TASK TO CARRY OUT>
The answer is to be the lines below that lie between the line holding "二田 鉄舟さんを姓名の画数から五運を鑑定" and the line holding "I could not", inclusive, transcribed exactly and free of pictures.

INPUT DATA>
□ □ □ □ □

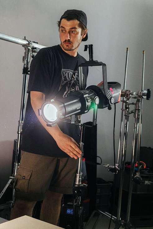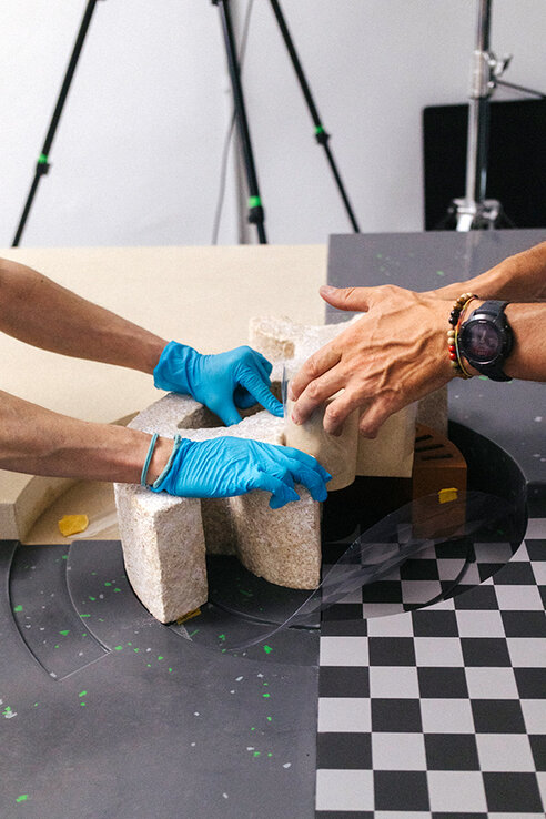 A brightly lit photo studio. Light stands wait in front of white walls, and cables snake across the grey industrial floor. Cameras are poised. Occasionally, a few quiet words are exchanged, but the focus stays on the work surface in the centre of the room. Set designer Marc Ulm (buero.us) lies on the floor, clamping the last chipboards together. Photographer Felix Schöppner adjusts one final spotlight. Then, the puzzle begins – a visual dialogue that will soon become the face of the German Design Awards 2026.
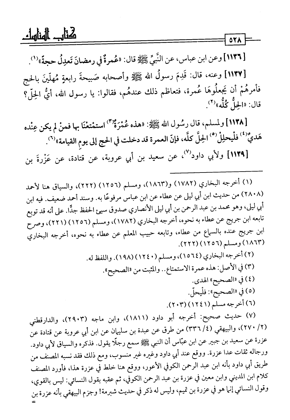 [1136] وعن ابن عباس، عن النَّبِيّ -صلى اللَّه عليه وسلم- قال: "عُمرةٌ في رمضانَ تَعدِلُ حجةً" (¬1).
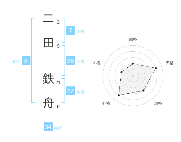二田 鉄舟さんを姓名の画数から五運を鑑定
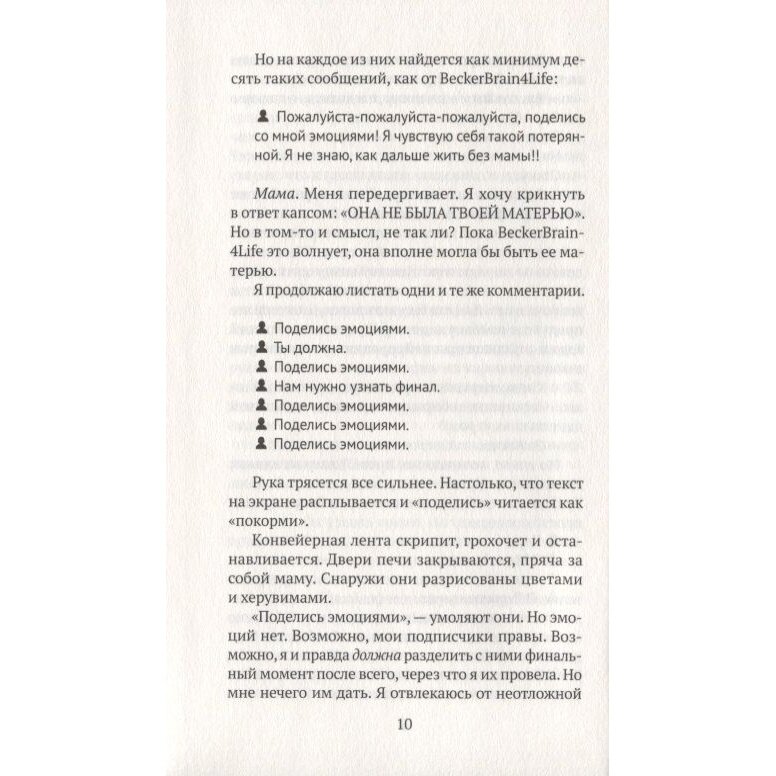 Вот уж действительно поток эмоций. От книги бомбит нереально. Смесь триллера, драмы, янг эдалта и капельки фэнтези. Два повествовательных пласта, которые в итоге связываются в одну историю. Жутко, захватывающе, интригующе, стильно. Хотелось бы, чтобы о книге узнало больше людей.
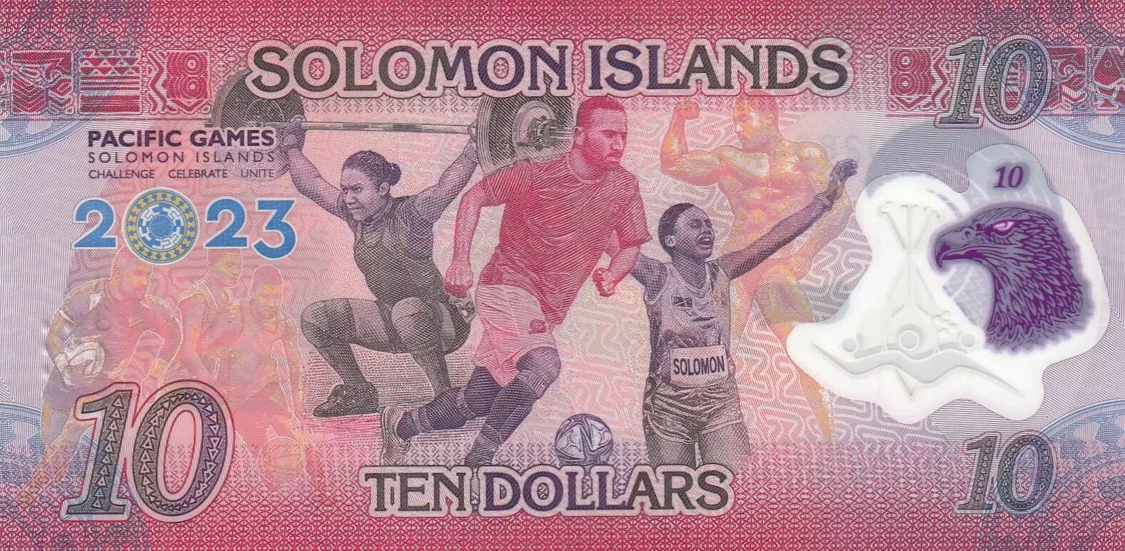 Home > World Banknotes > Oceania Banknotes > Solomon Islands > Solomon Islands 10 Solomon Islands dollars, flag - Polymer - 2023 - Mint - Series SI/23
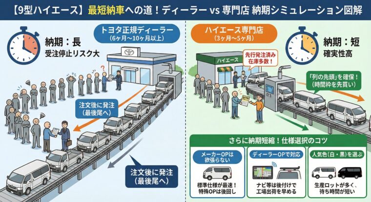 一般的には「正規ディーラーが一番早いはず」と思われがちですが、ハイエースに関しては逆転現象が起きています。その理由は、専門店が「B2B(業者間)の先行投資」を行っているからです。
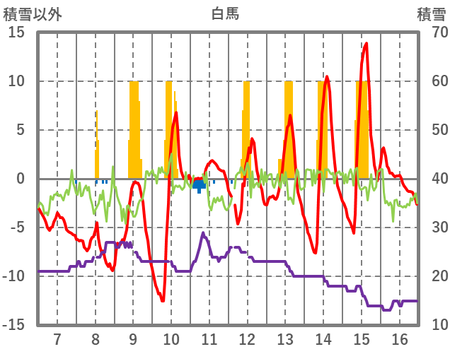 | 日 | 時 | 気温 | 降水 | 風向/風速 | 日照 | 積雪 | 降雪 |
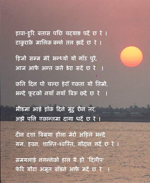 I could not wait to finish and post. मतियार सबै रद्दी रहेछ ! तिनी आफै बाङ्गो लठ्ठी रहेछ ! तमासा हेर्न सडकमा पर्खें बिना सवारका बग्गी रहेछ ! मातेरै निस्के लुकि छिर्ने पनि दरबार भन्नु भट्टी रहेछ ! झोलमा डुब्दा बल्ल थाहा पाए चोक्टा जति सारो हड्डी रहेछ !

□ □ □ □ □

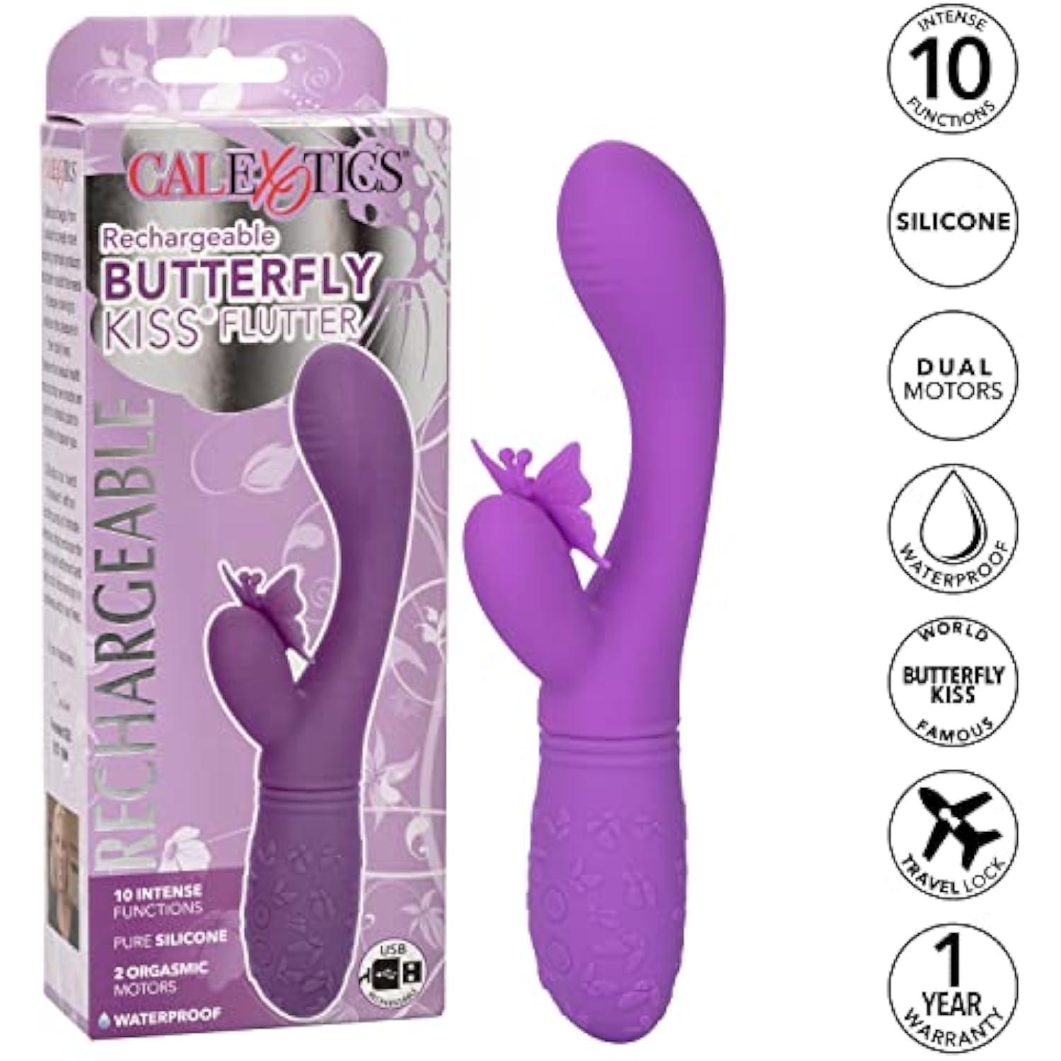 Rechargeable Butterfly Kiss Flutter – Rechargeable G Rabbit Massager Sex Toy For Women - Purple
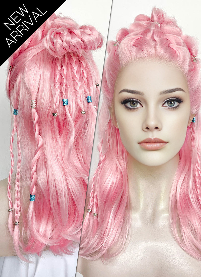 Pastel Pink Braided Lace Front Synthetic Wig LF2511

□ □ □ □ □

RESULT FOR THIS EXERCISE>
二田 鉄舟さんを姓名の画数から五運を鑑定
 Вот уж действительно поток эмоций. От книги бомбит нереально. Смесь триллера, драмы, янг эдалта и капельки фэнтези. Два повествовательных пласта, которые в итоге связываются в одну историю. Жутко, захватывающе, интригующе, стильно. Хотелось бы, чтобы о книге узнало больше людей.
 Home > World Banknotes > Oceania Banknotes > Solomon Islands > Solomon Islands 10 Solomon Islands dollars, flag - Polymer - 2023 - Mint - Series SI/23
 一般的には「正規ディーラーが一番早いはず」と思われがちですが、ハイエースに関しては逆転現象が起きています。その理由は、専門店が「B2B(業者間)の先行投資」を行っているからです。
 | 日 | 時 | 気温 | 降水 | 風向/風速 | 日照 | 積雪 | 降雪 |
 I could not wait to finish and post. मतियार सबै रद्दी रहेछ ! तिनी आफै बाङ्गो लठ्ठी रहेछ ! तमासा हेर्न सडकमा पर्खें बिना सवारका बग्गी रहेछ ! मातेरै निस्के लुकि छिर्ने पनि दरबार भन्नु भट्टी रहेछ ! झोलमा डुब्दा बल्ल थाहा पाए चोक्टा जति सारो हड्डी रहेछ !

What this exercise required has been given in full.